## Description of the task
Reproduce the records exactly, but not the pictures.

Start of Block

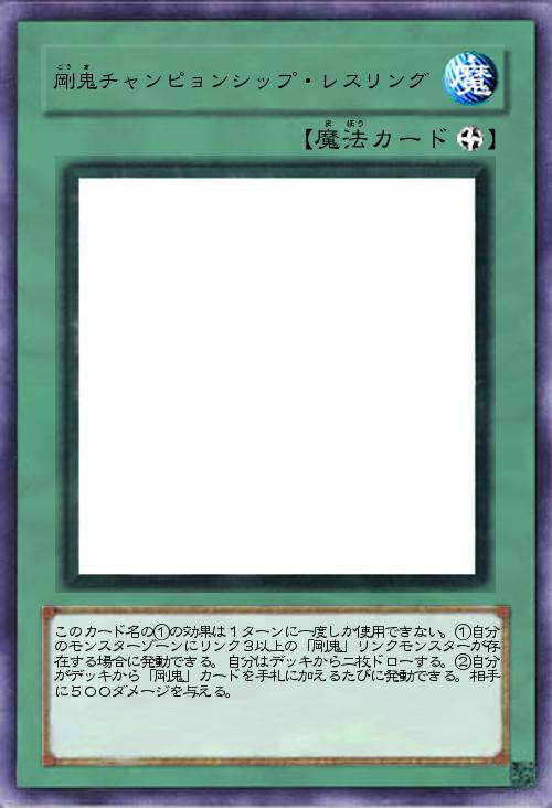 | このカード名の①の効果は1ターンに一度しか使用できない。①自分のモンスターゾーンにリンク3以上の「剛鬼」リンクモンスターが存在する場合に発動できる。自分はデッキから二枚ドローする。②自分がデッキから「剛鬼」カードを手札に加えるたびに発動できる。相手に500ダメージを与える。 | |||
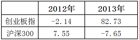 表:2012年、2013年创业板指与沪深300涨幅对比
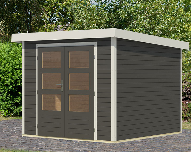 Mit diesem Hybrid-Gartenhaus bietet Karibu Dir ein echtes Premium-Produkt, welches die Vorteile von Holz und Metall zu einem Holz-Gartenhaus mit minimalem Wartungsaufwand vereint. Diese Mischung aus warmem Holz und robustem Metall sorgt für erhöhte Langlebigkeit, zusätzliche Stabilität und verstärkten Schutz vor den Witterungseinflüssen. Dieses Gartenhaus ist bereits von außen werksseitig mit einer Lasur in der Farbe Terragrau gestrichen. In Kombination mit den Metallteilen in der Farbe Weiß und dem anthrazitfarbenen Dach aus Trapezblech erhältst Du ein extravagantes, modernes Gartenhaus. Allgemein
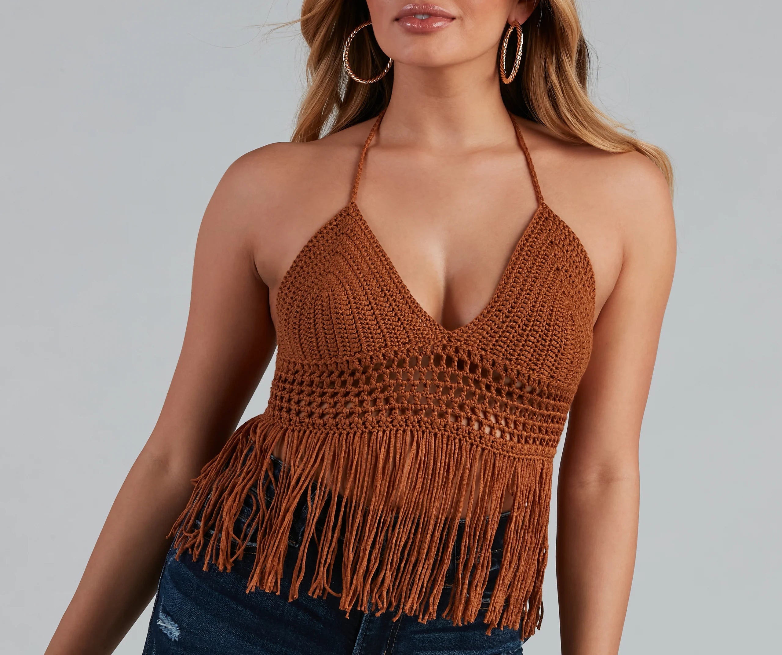 Channel your bohemian side with a crochet top that will have you ready for festival season! The top features a halter neck, neck ties to easily adjust, and a fringe hem. The top is composed of an unlined crochet knit fabric that offers a relaxed fit with minimal stretch. Complete look with cutoff shorts.
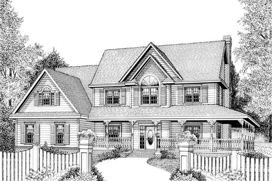 This plan offers an inviting and versatile space. There's a three car garage and workshop, with two covered porches on the exterior. The interior has large rooms with several options. See also plan E161.
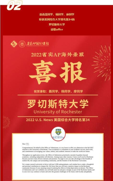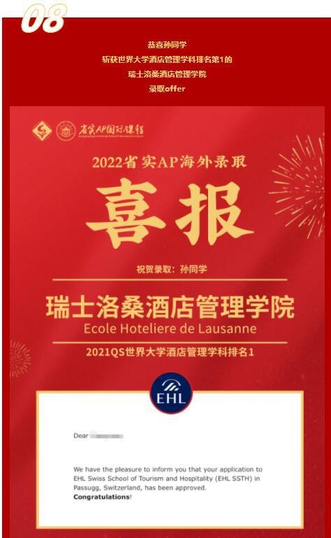 截至12月14日,2022届省实AP学子已收获来自美国、英国、瑞士等国家的多封世界名校重磅录取,其中包括:

End of Block

## Expected output
 | このカード名の①の効果は1ターンに一度しか使用できない。①自分のモンスターゾーンにリンク3以上の「剛鬼」リンクモンスターが存在する場合に発動できる。自分はデッキから二枚ドローする。②自分がデッキから「剛鬼」カードを手札に加えるたびに発動できる。相手に500ダメージを与える。 | |||
 表:2012年、2013年创业板指与沪深300涨幅对比
 Mit diesem Hybrid-Gartenhaus bietet Karibu Dir ein echtes Premium-Produkt, welches die Vorteile von Holz und Metall zu einem Holz-Gartenhaus mit minimalem Wartungsaufwand vereint. Diese Mischung aus warmem Holz und robustem Metall sorgt für erhöhte Langlebigkeit, zusätzliche Stabilität und verstärkten Schutz vor den Witterungseinflüssen. Dieses Gartenhaus ist bereits von außen werksseitig mit einer Lasur in der Farbe Terragrau gestrichen. In Kombination mit den Metallteilen in der Farbe Weiß und dem anthrazitfarbenen Dach aus Trapezblech erhältst Du ein extravagantes, modernes Gartenhaus. Allgemein
 Channel your bohemian side with a crochet top that will have you ready for festival season! The top features a halter neck, neck ties to easily adjust, and a fringe hem. The top is composed of an unlined crochet knit fabric that offers a relaxed fit with minimal stretch. Complete look with cutoff shorts.
 This plan offers an inviting and versatile space. There's a three car garage and workshop, with two covered porches on the exterior. The interior has large rooms with several options. See also plan E161.
 截至12月14日,2022届省实AP学子已收获来自美国、英国、瑞士等国家的多封世界名校重磅录取,其中包括:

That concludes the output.